How agents remember
Memory fundamentally shapes the identity of an agent. It determines whether the system operates as a transient calculator, a collaborative colleague, or a permanent keeper of record. In melchizedek, this identity is defined by a single line of YAML through the memory_system parameter, offering three distinct tiers of retention.
internal-only represents intentional transience. State lives solely within the active process and expires the moment it concludes. This setting is perfect for test environments, batch jobs, and isolated pipelines where historical context would introduce contamination rather than wisdom.
session-only persists the immediate conversation. Every interaction writes securely to Postgres, allowing a system restart to seamlessly resume mid-thought. A crucial structural detail protects this process: session rows are keyed by a composite of application, user, and session. This ensures that parallel subagents working under a global session remain perfectly isolated, preventing the corrupted context that often unravels multi-agent systems.

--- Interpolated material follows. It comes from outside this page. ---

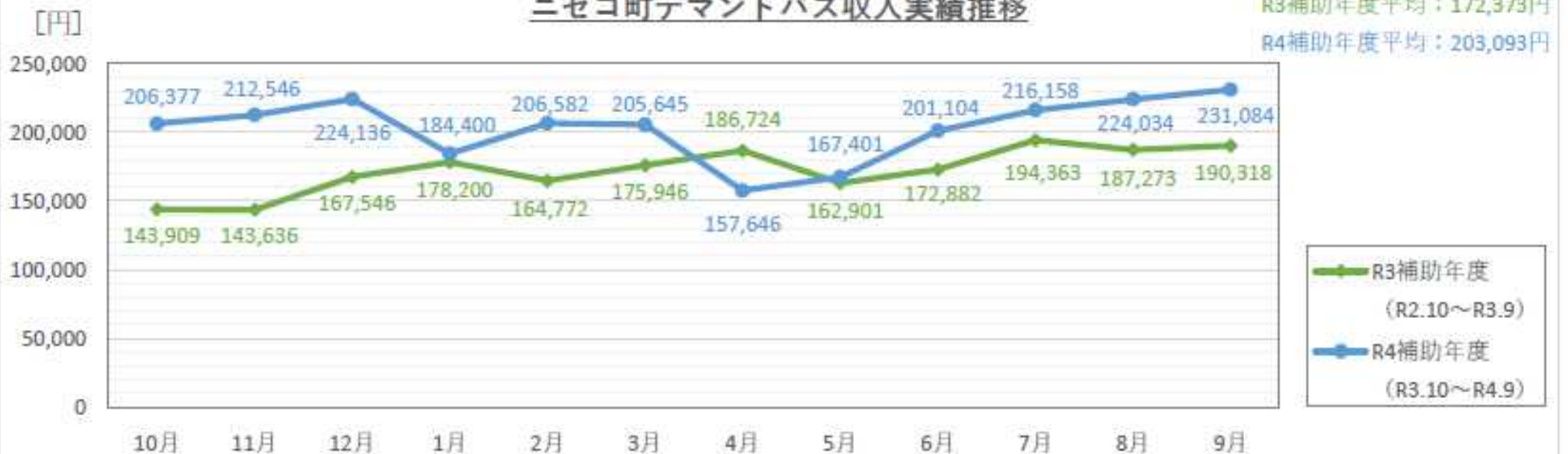
ニセコ町デマンドバス収入実績推移

long-term allows memory to accumulate into true identity. When a session concludes, a model reads the transcript and distills it into structured records. Each record carries a tag such as [FACT], [PREFERENCE], or [CORRECTION], along with the date it is about, the source who asserted it, its exact values with units, its active or historical status, and the index keys it is filed under. These records are embedded as 768-dimension vectors and written to a pgvector table, scoped securely to that specific application and user, where the parsed fields live beside the vector as queryable columns.
recall operates as a search problem
Retrieval directly mirrors the storage process. When a new query arrives, it undergoes identical embedding, and a cosine-similarity search identifies the nearest relevant records. The structured fields then sharpen the ranking: a record gains standing when the query names one of its index keys or the month it is dated to, and an active record outranks one that a later correction has retired. These records merge into the agent’s context before it forms a response. The agent bypasses absolute chronological recall in favor of associative relevance. The past emerges strictly when it aligns with the present context.
The record also evolves. When a user corrects an earlier fact, the correction names the outdated claim, and the store retires the old record: marked superseded, linked to its replacement, preserved as history. A retired record that resurfaces in a search arrives clearly labeled, so an old value can never wear the authority of the current one.
Observe the complete lifecycle as a fact is shared, distilled, and subsequently recalled:
This architecture demands intentional design choices. The distillation process inherently filters information, meaning discarded details are permanently lost. Furthermore, the embedding dimension creates a strict dependency; altering the embedding model requires rebuilding the entire memory store. Finally, retrieved facts provide context rather than absolute truth, meaning a memory recorded incorrectly will persist incorrectly.
Memory acts as the definitive bridge between a utilitarian tool and a genuine relationship. It creates the distinction between a simple search interface and a patient advocate capable of recalling vital lab results at the precise moment they are needed. Cultivating an agent that remembers a person requires deep responsibility, as it holds a fragile piece of their human experience.